Все говорят и спорят о каких-то контрамарках.

— Откройте, пожалуйста, — обращаюсь я к высокой стриженой девушке, стоящей близко к двери.

— А тебе куда?

— Мне к Гарину… Письмо ему несу.

— К Гарину?! — удивляется она. — Дай мне, я снесу.

— Да… так я и дал!..

— Такой маленький, а уступить не хочет, — говорит она и смеется во весь рот.

— Он не маленький, — вступает в разговор кто-то, — у нас в доме живет карлик еще меньше его ростом, а лет ему за тридцать…

В это время кто-то изнутри распахивает дверь, и я мышью проскальзываю в театр.

За время моего недолгого отсутствия здесь уже все изменилось так, что не соображу, куда итти.

Предо мною какая-то высокая стена, и до того тонкая, что качается при малейшем прикосновении, и двустворчатая дверь посредине. Переступаю порог и в полумраке вижу, что нахожусь в большой роскошной комнате. Мягкий ковер во весь пол, кресла, столы, цветы, позолота, бархат и… прежняя будка с черной полукруглой дырой. А за комнатой — возня, крики, перебранка и стук молотков.

В боковой стене вижу еще одну дверь и направляюсь к ней, чтобы выйти отсюда и найти уборную Гарина.

Письмо, полученное мною от красивой дамы в Варшавской гостинице, держу крепко в руке.

Осторожно, чтобы не запачкать ковер, плыву на цыпочках к намеченной двери. Но только выхожу, натыкаюсь на рабочих. Их двое.

Тащат огромную штуку в деревянной раме. На махине этой темно-коричневыми красками нарисованы не то шары, не то камни, а на камнях тучи вроде дыма…

— Куда волочите, идолы чортовы?.. — кричит знакомый мне голос.

— Приказано, — мы и несем… Наше дело маленькое, — ворчит один из рабочих.

Из темноты выплывает маленький быстроглазый человек с неровными плечами: одно значительно выше другого.

— Кто приказал?.. Зачем приказал?..

— Я велел, — несется из мрака чей-то ровный, спокойный голос.

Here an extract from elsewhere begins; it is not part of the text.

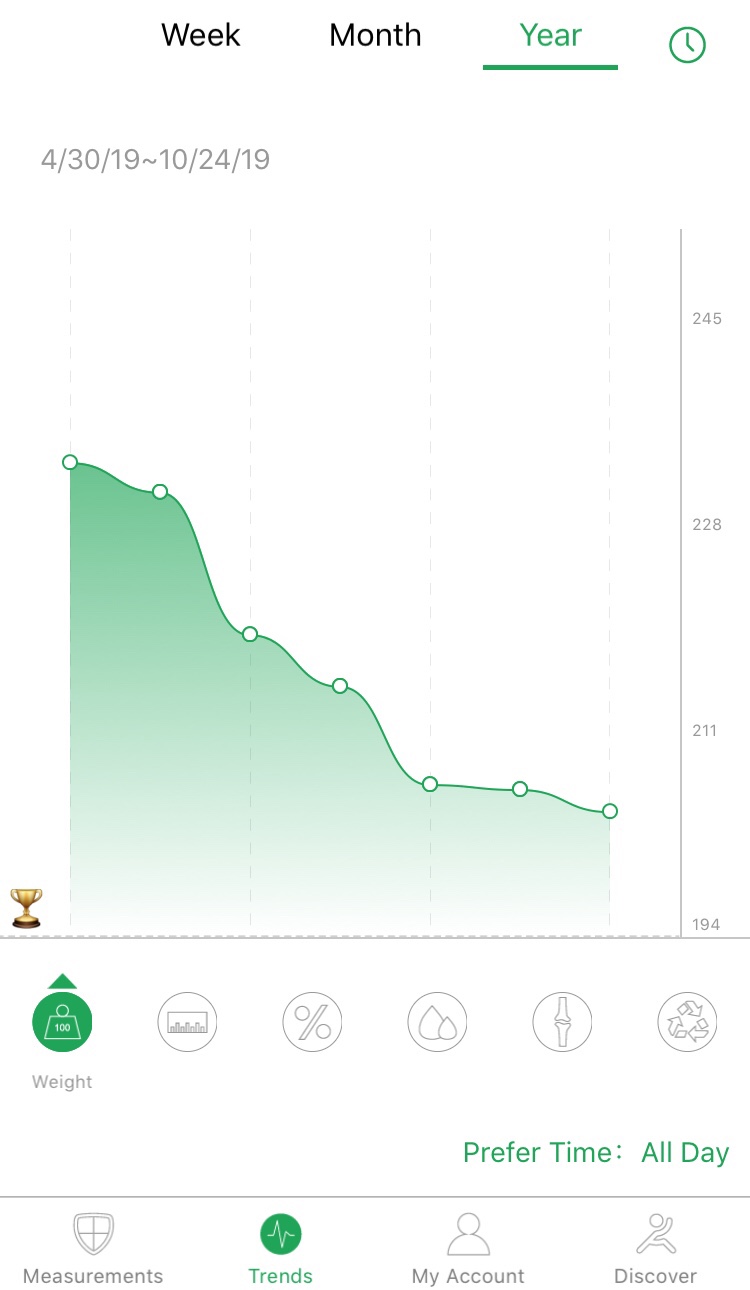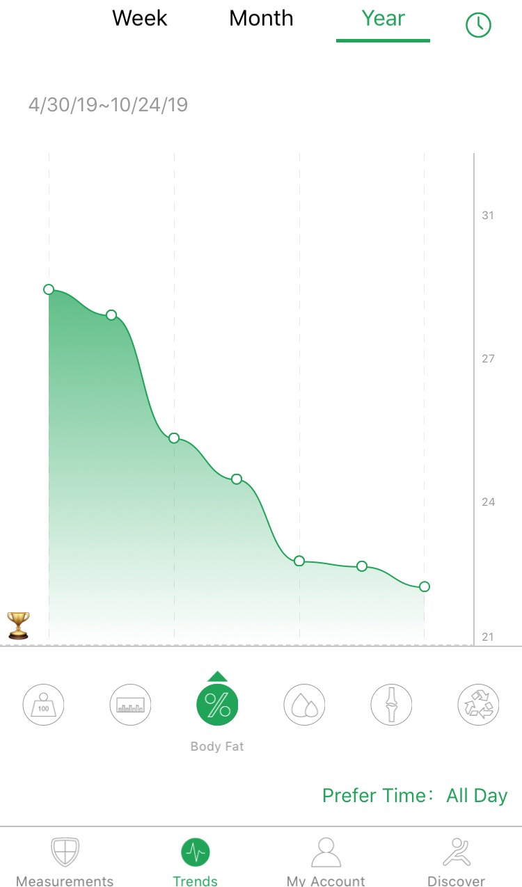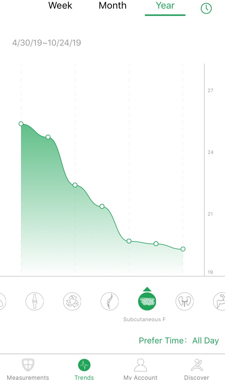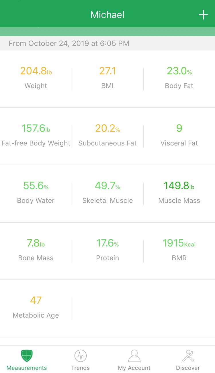 Generally, things have been trending more favorably over time. I have lost a lot of weight since spring—but I have been losing more fat then muscle, which is what I want.

— Вы?! Тем хуже!.. Должны же вы знать, что степь в третьем действии, а вы бурю тащите на первый план.

— Знаем, знаем! — слышится все тот же голос невидимого человека. — Но нельзя же кулису нести через рампу! Напрасно горячитесь: все будет в порядке…

Рабочие трогаются. «Буря» скрипит и качается — вотвот свалится. Первый рабочий, крепко вцепившись в рамку, движется спиной. Хочу перебежать и сталкиваюсь с рабочим.

— У, дьяволы!.. Откуда только эта мелкота здесь берется?.. Задавишь отвечай еще…

— Ты кто такой?.. Как сюда попал?..

Маленький человек стоит предо мною и ввинчивает карие зрачки в мое лицо.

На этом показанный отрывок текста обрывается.